▸ **TASK**:
With pictures excluded, repeat exactly the lines from the one containing "BitGuru pointed out" through the last line of the material below.

▬▬▬

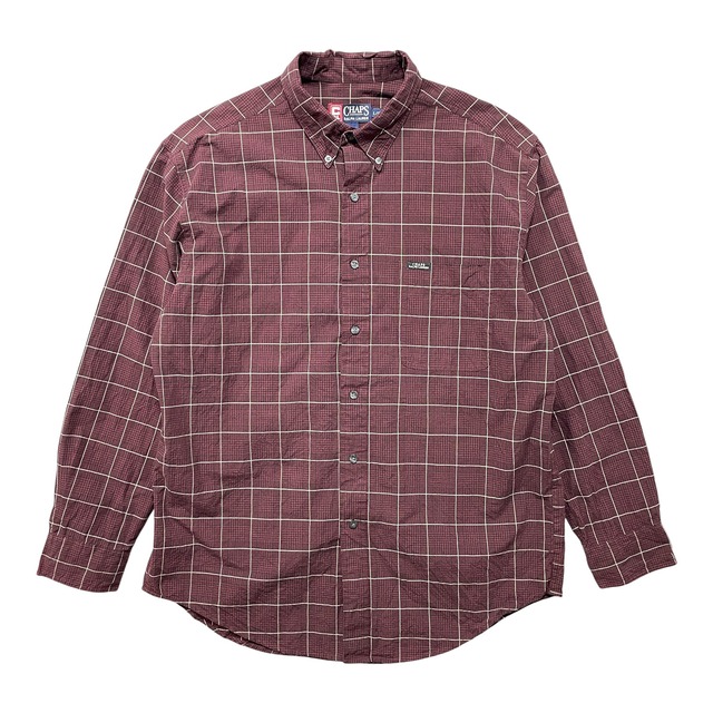 USA 古着 CHAPS RALPH LAUREN チャップス ラルフローレン コットン チェック柄 長袖シャツ ボルドー メンズL カジュアルシャツ BG1377
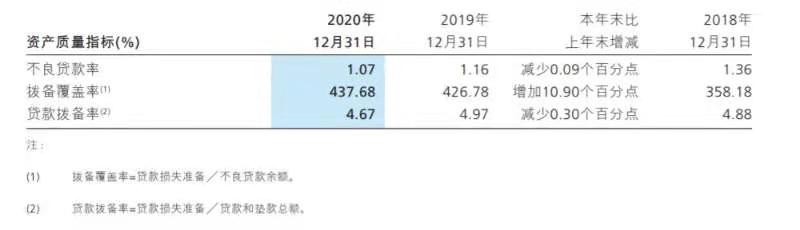 招商银行资产质量指标。来源:招商银行年报
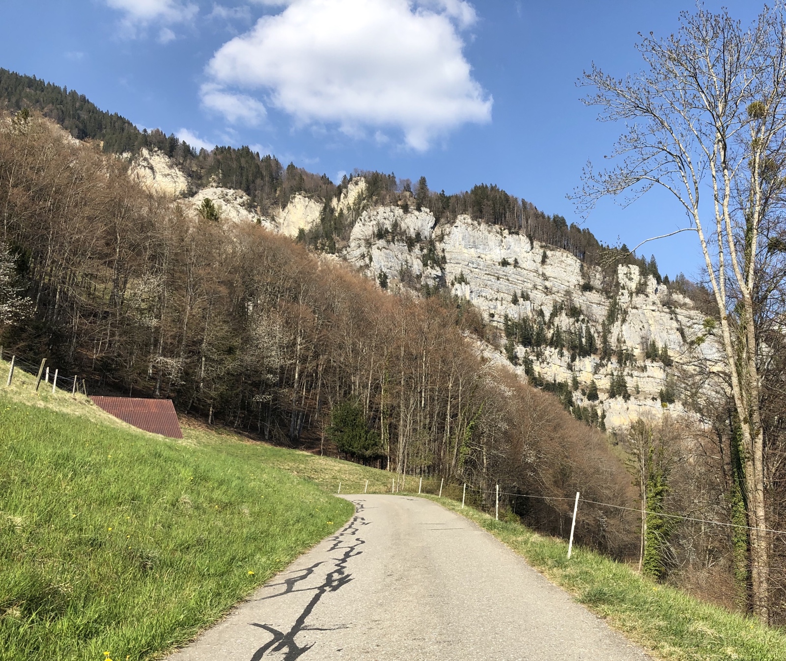 Am Hüsenbach entlang radle ich weiter und zweige dann ab Richtung Liechtenen, einem Industriekomplex an Ortseingang von Meiringen.
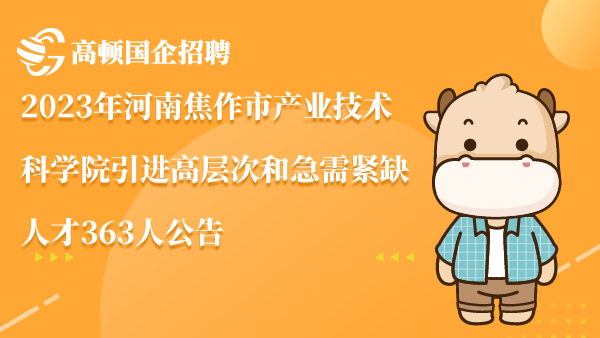2023年河南焦作市产业技术科学院引进高层次和急需紧缺人才363人公告
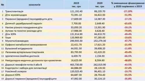 Теперь в законопроекте про бюджет на 2020 год указано, что расходы на закупку лекарств для людей, например, с муковисцидозом составят 34,822 млн гривен (на 2019-й заложено 72,393 млн гривен).
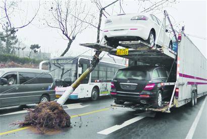????今晨6時(shí)30分許,一輛運(yùn)送小汽車的雙層大貨行至56中門口時(shí)準(zhǔn)備拐彎,突出的車尾直接將路旁一棵4米多高的樹刮倒并連根拔起。貨車拖著大樹駛出40多米后,在一輛轎車的提示下才停下車。 ????今晨7時(shí)許,接到市民的報(bào)料電話后記者迅速趕到現(xiàn)場,一輛近20米長的白色雙層大貨車停在南昌路上,車廂里裝著至少八輛馬自達(dá)、奔馳等車輛。記者來到56中門前看見,一個(gè)長寬約1.5米的大坑橫在路邊,旁邊幾棵樹的樹枝也被刮了一地。 ????在現(xiàn)場的另一位目擊者張先生告訴記者,就在這輛大貨車刮倒了大樹還在拐彎時(shí),身后駛來了幾輛小轎車。這些車在超車時(shí),都減了減速亮了一下車尾的紅燈,似乎在示意大貨車出了問題。 “我拐彎以后聽見身后傳來了‘吱吱吱’的聲音,一看反光鏡,車后拖著一棵樹在走,我馬上踩下了剎車。 ”司機(jī)告訴記者,他這明白為何那些過路的車輛都要在超車減速亮一下紅燈,就是要提醒他車后出事了。 ????“我提前打了方向盤拐彎,不知道怎么著后面就把樹給刮住了。 ”據(jù)司機(jī)介紹,這些車是從上海運(yùn)來準(zhǔn)備送往青島的4S店里。事發(fā)后車廂里裝的車都沒有什么損失。 (記者 劉卓毅) |
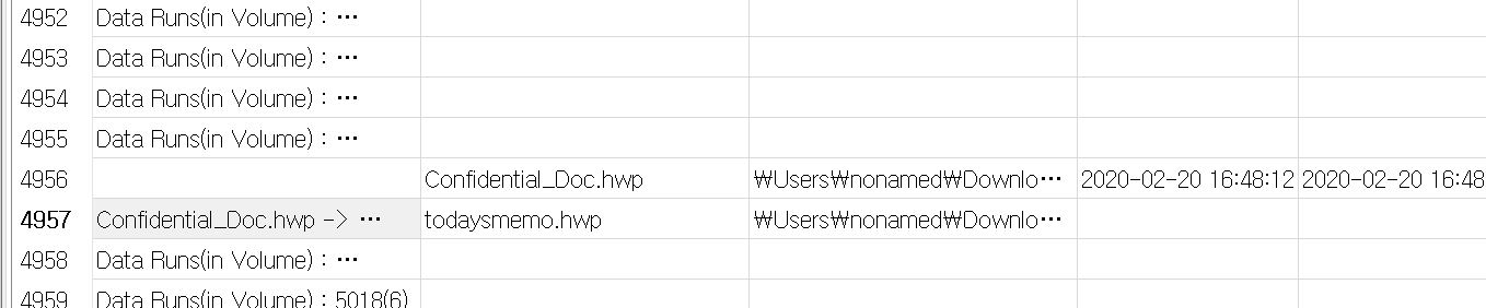 쭉 검색해서 내리다보면 파일명이 변경된 것을 확인할 수 있습니다. Confidental_Doc.hwp -> todaysmemo.hwp
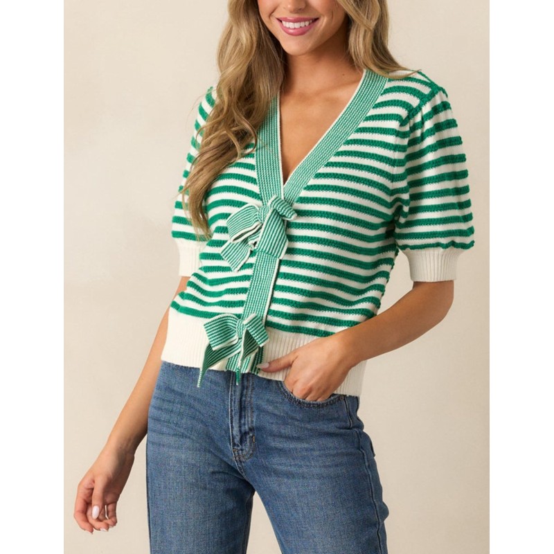 - Feature: This cute cropped pullover sweater designed with v-neckline, decorative front bows, loose fit puff short sleeves, rib knit cuffs and hem, chic but comfortable, trendy striped pattern, relaxed fit
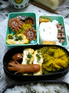 今日は小学生はお休み。保育園児は普通どおり。もちろん親も普通どおり。というわけで、パパは7時に出勤、私は8時にシオリを連れて保育園経由で出勤、コーヤも一緒に8時に家を出て学童保育へ・・・のはずが、休みとわかっているとコーヤが出かける準備を一向にしないわけでして!!!結局、その「家庭内渋滞」のために私がもう遅刻ギリギリの時間になってしまい、保育園へ送りに行くのは長男ゲンに依頼しちゃいました。職場に着いてから自宅に電話。何でコーヤが出るかなあ!?とりあえずゲンはシオリを送りに行っているようで・・・。コーヤもゲンが帰ってきたら学童保育に行くというので一安心。さて、明日は天気次第で運動会。上司に「雨が降ったら来ますけど、「晴れたら休み」でもいいですか(汗)」と相談。一応快諾(!)してもらって一安心。月初なのでいろいろ揃える書類があって大忙しの1日でした。一応お弁当をアップしますね。わかりますかねえ?薄緑のお弁当箱に入っている「モンスターボール風」のもの・・・。このような「キャラ弁風」のものを作ったことって無かったので、こんなものでもお子様大喜び。ひまわりウインナも3回目ともなると、スムーズに作れましたとさ♪
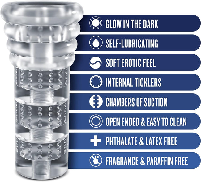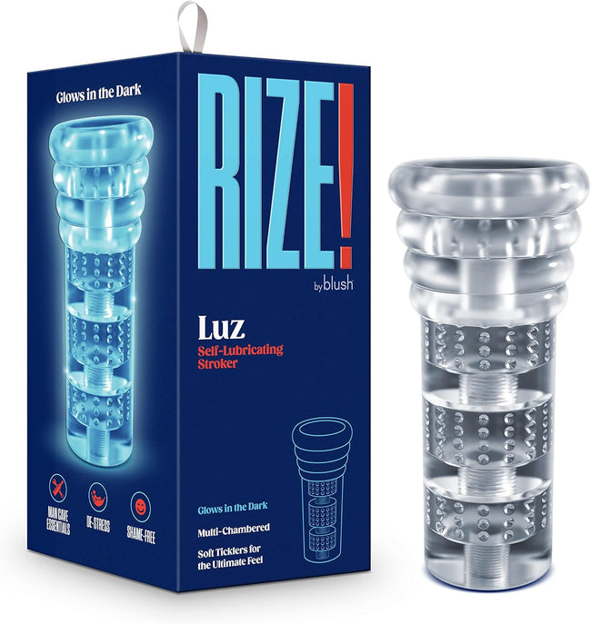 The RIZE! Luz is loaded with fun! This stroker is self-lubricating just add a little water or saliva and everything gets slippery. It also glows blue in the dark to add some excitement to your night! The Luz has soft ticklers for the ultimate feel and a ribbed inside for pressure point massage. Multiple chambers of suction create pleasurable stroking sensations. Super-soft and flexible the Luz will fit any size shaft. It is free of phthalates fragrances paraffins and latex.
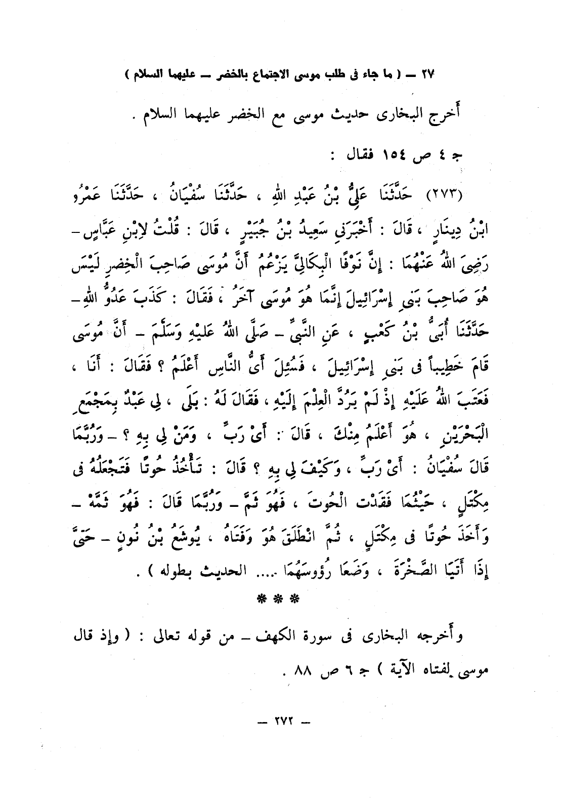 أخرج البخاري حديث موسى مع الخضر عليهما السلام ج - 4 ص 154 فقال:
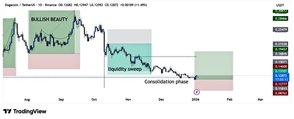 BitGuru pointed out that the DOGE price has already gone through a liquidity sweep and is now consolidating after a long downtrend. That change in behavior is important. Instead of pushing lower with force, price is holding steady, which usually signals that selling pressure is starting to dry up.
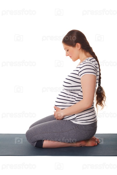 Упражнения йоги для беременности - Вирасана Йога Асана Поза Героя на колене Изолированная от белого

▬▬▬

▸ **RESPONSE AREA**:
 BitGuru pointed out that the DOGE price has already gone through a liquidity sweep and is now consolidating after a long downtrend. That change in behavior is important. Instead of pushing lower with force, price is holding steady, which usually signals that selling pressure is starting to dry up.
 Упражнения йоги для беременности - Вирасана Йога Асана Поза Героя на колене Изолированная от белого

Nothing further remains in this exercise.